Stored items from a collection
---

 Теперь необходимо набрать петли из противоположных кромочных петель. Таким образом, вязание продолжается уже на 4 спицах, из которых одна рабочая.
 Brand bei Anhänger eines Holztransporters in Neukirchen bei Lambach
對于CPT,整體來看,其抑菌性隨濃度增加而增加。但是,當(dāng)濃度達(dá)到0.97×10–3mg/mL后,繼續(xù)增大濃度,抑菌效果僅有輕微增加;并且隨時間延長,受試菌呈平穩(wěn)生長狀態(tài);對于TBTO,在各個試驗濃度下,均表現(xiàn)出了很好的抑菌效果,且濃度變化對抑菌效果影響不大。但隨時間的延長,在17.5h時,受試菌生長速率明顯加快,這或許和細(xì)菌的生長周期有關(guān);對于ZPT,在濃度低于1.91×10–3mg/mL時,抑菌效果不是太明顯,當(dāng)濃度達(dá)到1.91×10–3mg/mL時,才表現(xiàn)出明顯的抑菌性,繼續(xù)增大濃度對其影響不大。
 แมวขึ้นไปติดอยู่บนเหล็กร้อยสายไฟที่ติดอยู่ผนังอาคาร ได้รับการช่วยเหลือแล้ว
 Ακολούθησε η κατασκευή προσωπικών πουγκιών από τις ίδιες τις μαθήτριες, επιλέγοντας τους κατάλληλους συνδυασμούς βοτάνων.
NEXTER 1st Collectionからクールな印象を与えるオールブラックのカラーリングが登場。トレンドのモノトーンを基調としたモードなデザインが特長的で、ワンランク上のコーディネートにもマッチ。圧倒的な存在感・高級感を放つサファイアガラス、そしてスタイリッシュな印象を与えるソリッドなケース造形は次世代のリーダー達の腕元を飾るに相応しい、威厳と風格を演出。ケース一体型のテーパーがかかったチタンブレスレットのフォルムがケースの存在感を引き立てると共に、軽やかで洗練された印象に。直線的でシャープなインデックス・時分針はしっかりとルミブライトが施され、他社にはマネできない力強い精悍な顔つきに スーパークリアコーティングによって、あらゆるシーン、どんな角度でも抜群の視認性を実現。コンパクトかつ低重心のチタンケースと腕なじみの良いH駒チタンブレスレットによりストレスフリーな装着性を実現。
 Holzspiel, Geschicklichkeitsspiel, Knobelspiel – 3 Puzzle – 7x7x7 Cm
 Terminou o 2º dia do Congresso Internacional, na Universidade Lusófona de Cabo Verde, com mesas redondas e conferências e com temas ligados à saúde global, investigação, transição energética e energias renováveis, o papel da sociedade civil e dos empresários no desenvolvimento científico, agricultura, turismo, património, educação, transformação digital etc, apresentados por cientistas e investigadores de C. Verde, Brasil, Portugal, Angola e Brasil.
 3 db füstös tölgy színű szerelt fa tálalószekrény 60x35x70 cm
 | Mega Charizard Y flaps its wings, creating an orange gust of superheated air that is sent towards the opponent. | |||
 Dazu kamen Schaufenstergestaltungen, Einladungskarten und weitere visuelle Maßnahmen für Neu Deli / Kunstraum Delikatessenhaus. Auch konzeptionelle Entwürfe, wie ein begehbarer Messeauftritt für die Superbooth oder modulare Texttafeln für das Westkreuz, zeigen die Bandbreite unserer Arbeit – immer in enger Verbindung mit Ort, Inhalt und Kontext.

---

• [Activity] Output all of the records, keeping every word exact.

• [Response to the exercise]
 Теперь необходимо набрать петли из противоположных кромочных петель. Таким образом, вязание продолжается уже на 4 спицах, из которых одна рабочая.
 Brand bei Anhänger eines Holztransporters in Neukirchen bei Lambach
對于CPT,整體來看,其抑菌性隨濃度增加而增加。但是,當(dāng)濃度達(dá)到0.97×10–3mg/mL后,繼續(xù)增大濃度,抑菌效果僅有輕微增加;并且隨時間延長,受試菌呈平穩(wěn)生長狀態(tài);對于TBTO,在各個試驗濃度下,均表現(xiàn)出了很好的抑菌效果,且濃度變化對抑菌效果影響不大。但隨時間的延長,在17.5h時,受試菌生長速率明顯加快,這或許和細(xì)菌的生長周期有關(guān);對于ZPT,在濃度低于1.91×10–3mg/mL時,抑菌效果不是太明顯,當(dāng)濃度達(dá)到1.91×10–3mg/mL時,才表現(xiàn)出明顯的抑菌性,繼續(xù)增大濃度對其影響不大。
 แมวขึ้นไปติดอยู่บนเหล็กร้อยสายไฟที่ติดอยู่ผนังอาคาร ได้รับการช่วยเหลือแล้ว
 Ακολούθησε η κατασκευή προσωπικών πουγκιών από τις ίδιες τις μαθήτριες, επιλέγοντας τους κατάλληλους συνδυασμούς βοτάνων.
NEXTER 1st Collectionからクールな印象を与えるオールブラックのカラーリングが登場。トレンドのモノトーンを基調としたモードなデザインが特長的で、ワンランク上のコーディネートにもマッチ。圧倒的な存在感・高級感を放つサファイアガラス、そしてスタイリッシュな印象を与えるソリッドなケース造形は次世代のリーダー達の腕元を飾るに相応しい、威厳と風格を演出。ケース一体型のテーパーがかかったチタンブレスレットのフォルムがケースの存在感を引き立てると共に、軽やかで洗練された印象に。直線的でシャープなインデックス・時分針はしっかりとルミブライトが施され、他社にはマネできない力強い精悍な顔つきに スーパークリアコーティングによって、あらゆるシーン、どんな角度でも抜群の視認性を実現。コンパクトかつ低重心のチタンケースと腕なじみの良いH駒チタンブレスレットによりストレスフリーな装着性を実現。
 Holzspiel, Geschicklichkeitsspiel, Knobelspiel – 3 Puzzle – 7x7x7 Cm
 Terminou o 2º dia do Congresso Internacional, na Universidade Lusófona de Cabo Verde, com mesas redondas e conferências e com temas ligados à saúde global, investigação, transição energética e energias renováveis, o papel da sociedade civil e dos empresários no desenvolvimento científico, agricultura, turismo, património, educação, transformação digital etc, apresentados por cientistas e investigadores de C. Verde, Brasil, Portugal, Angola e Brasil.
 3 db füstös tölgy színű szerelt fa tálalószekrény 60x35x70 cm
 | Mega Charizard Y flaps its wings, creating an orange gust of superheated air that is sent towards the opponent. | |||
 Dazu kamen Schaufenstergestaltungen, Einladungskarten und weitere visuelle Maßnahmen für Neu Deli / Kunstraum Delikatessenhaus. Auch konzeptionelle Entwürfe, wie ein begehbarer Messeauftritt für die Superbooth oder modulare Texttafeln für das Westkreuz, zeigen die Bandbreite unserer Arbeit – immer in enger Verbindung mit Ort, Inhalt und Kontext.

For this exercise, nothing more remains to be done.